Guys, I know the feeling. You labor over something for weeks, months, even years, and when you reach the end, or what you think is the end, it’s so very tempting to stop, put down your pen or push aside your keyboard, and break out the champagne. You love what you’ve written, if only because (1) it’s finished and (2) it meets your expectations, which, let’s be honest, have been systematically lowered throughout the duration of your project. The last thing you want to do is pick over every word and line you’ve sweated over in a pointless effort to tear it apart.

I used to feel that way, too. In fact, I suppose a pretty substantial part of me still does. But today, on the eve of 2017, at the end of a year that so many people are calling a very bad year, if not a catastrophic one, I pause in my own revision work to offer other writers a new way of looking at revision.

I am learning to love this part of writing, because I see it as a perfect marriage between creativity and analysis. Note that I am  using the word “analysis,” not the word “criticism,” because that’s too negative for what I think we do in revision. The job of revision is to help make something better, not to tear it apart. (Tearing it apart should come later, during the critical review, but only in as much as the critic must tear something apart in order to see what it’s made of and how it works. A good critic will always put the work back together again after she does the work of criticism.)
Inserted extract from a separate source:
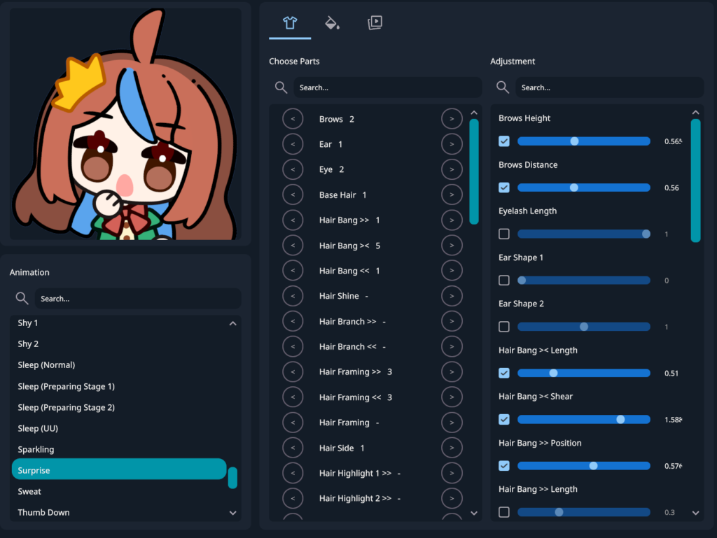 Parts & Adjustment: The first tab with the clothing icon is for opening options for customizing the character parts! You can adjust the position and size of the parts, like position of middle hair bangs or height of the eyebrow. Note that some parts are only seen in specific emotes, like prop items.

My secret to loving revision, then, is this: Revising a work must involve a willing, enthusiastic attitude. The writer must regard the task of revising with excitement, because it is this part of writing that really shows the essence of craftsmanship, that separates those who write for fun (whether they are published authors or not) from those who write because they are compelled to do so. But how can a writer change their attitude about this pain-in-the-ass time sink? I’ve devised a very simple solution. Instead of hoping that your work contains few mistakes and needs minimal revision, you should assume that it houses many mistakes, some of them not easy to find. Rather than bewailing the need to revise, growing bored and frustrated with finding topical errors, learn to use revision as a sonar device to locate the buried as well as the superficial mistakes. Once found, even deep mistakes are usually fairly easy to fix–much easier to fix than most writers would think. I’ve found that when you let go of the inherent desire not to have to fix something and give yourself over to the idea that fixing it is not only a good thing to do, but an entertaining and satisfying aspect of the nature of the job, revision loses its drudgery. It becomes a pleasant and in some ways delightful stage in the work of creation, and it invites the best use of problem-solving tactics–and creativity–a writer possesses.

There you have it. Stop avoiding revision. (You know you have.) Change your attitude–for real. Love revision and all it offers. Because it’s revision, and not the mere act of writing itself, that makes us real artists. Any third-grader can write. Only a real writer has the ability, and the drive, to revise.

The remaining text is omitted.